You may have noticed a trend clinking around on the shelves of your local liquor store: More and more fancy craft beer is showing up in aluminum cans.

For decades, canned beer was the stuff you bought cheap — the PBR or Natural Ice — bottom-shelf beer. But that layout has changed: The number of craft breweries putting their beer in cans has more than doubled since 2012, according to Russ Phillips, author of a recent book about the art gracing those craft beer cans and manager of the website CraftCans.com. He says five years ago, just a few dozen craft brewers in the U.S. were canning, while today there are more than 500. It seems the association of canned beer with cheap, watery stuff has been gradually washing away.

Can advocates and brewers who are choosing cans say there are clear advantages over bottles: The beer in a can cools faster. The can protects from beer-degrading light.
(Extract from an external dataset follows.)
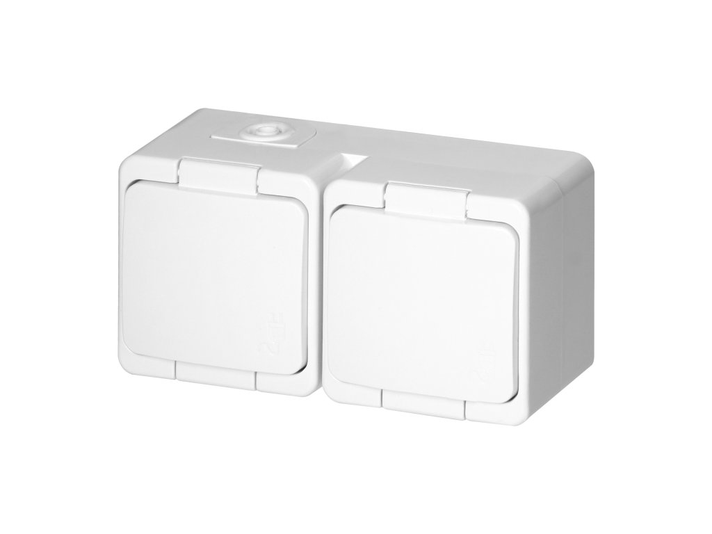 Dvostruka površinska utičnica 2x2P+E, s pokrovom otporna na prskanje vode, IP44, SMART, bijela

Beer cans are portable and take up less space, advantages both for retailers and for consumers who want to take them camping, hiking or fishing. (See our 2009 piece on Alaska's beer can craze.) There's also more space on a can for wraparound design and decoration.

But there were reasons for the popularity of glass in the first place: While glass bottles take longer to cool down, they also stay cold longer once they come out of the cooler. Plus, glass producers and plenty of brewers will tell you translucent amber glass has been working fine to protect beer from light and air.

The biggest selling point for the bottle, though, is flavor. There's at least a perception that cans impart a metallic taste, whereas liquid stored in a bottle comes out tasting pure.